§ **Exercise brief**
In the entries below, find the line with "- Non-stop Action: Automatically" and the line with "1. 국민건강보험공단 홈페이지를 통한 조회"; reproduce those two lines and all lines between them exactly, without pictures.
[[ Material for the task, beginning ]]
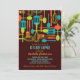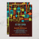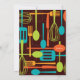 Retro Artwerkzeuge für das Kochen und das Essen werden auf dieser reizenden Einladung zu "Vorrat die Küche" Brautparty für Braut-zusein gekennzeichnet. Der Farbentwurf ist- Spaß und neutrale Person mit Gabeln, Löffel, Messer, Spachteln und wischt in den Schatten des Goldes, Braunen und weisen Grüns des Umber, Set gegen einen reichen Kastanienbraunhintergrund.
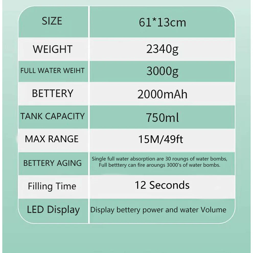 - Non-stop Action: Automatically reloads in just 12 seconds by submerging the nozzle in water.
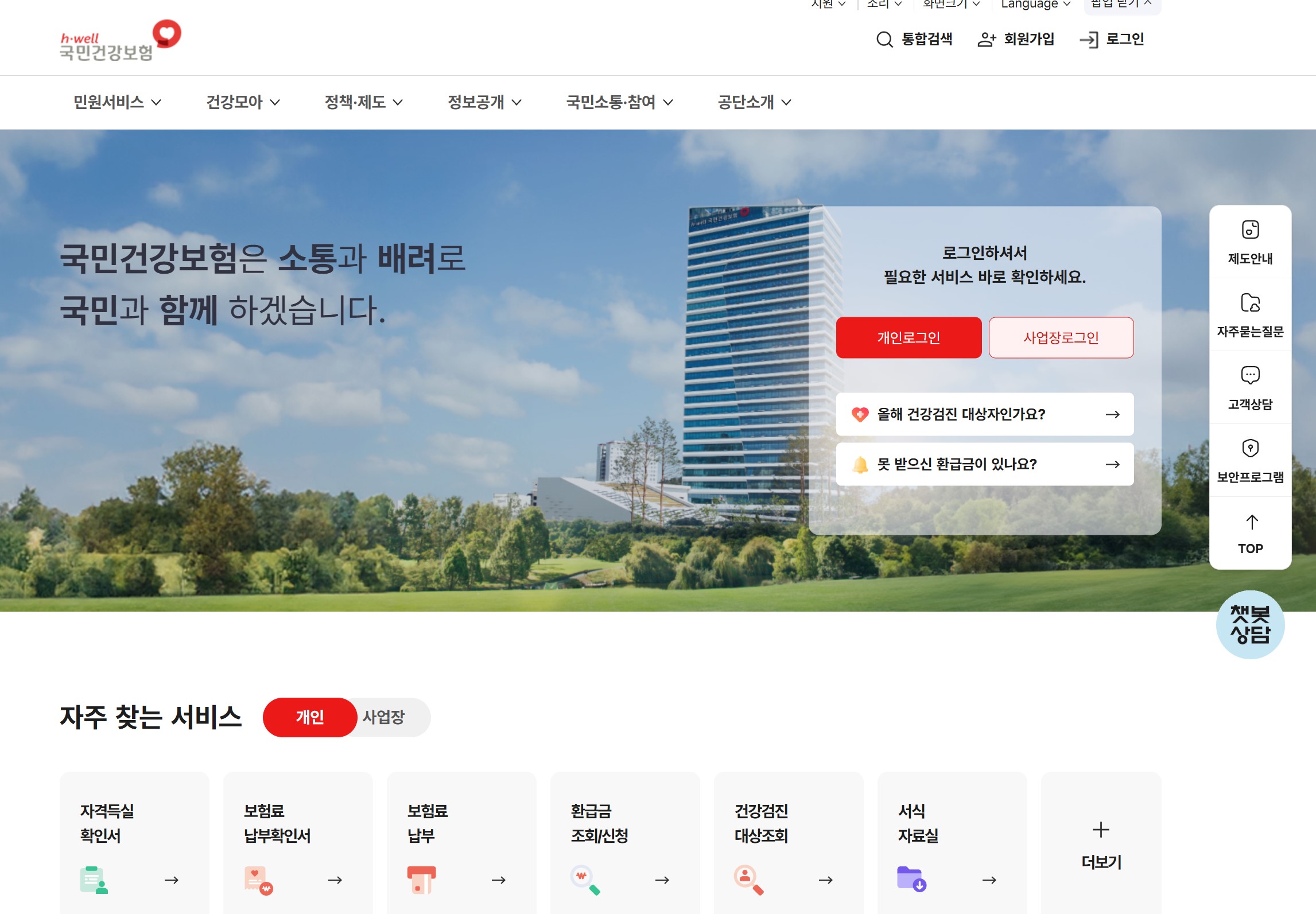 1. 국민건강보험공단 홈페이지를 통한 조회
[[ Material for the task, end ]]
[[ Material for the task, beginning ]]
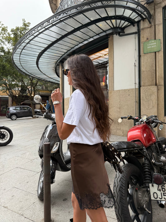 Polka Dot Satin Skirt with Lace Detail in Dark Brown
[[ Material for the task, end ]]
§ **The answer**
 - Non-stop Action: Automatically reloads in just 12 seconds by submerging the nozzle in water.
 1. 국민건강보험공단 홈페이지를 통한 조회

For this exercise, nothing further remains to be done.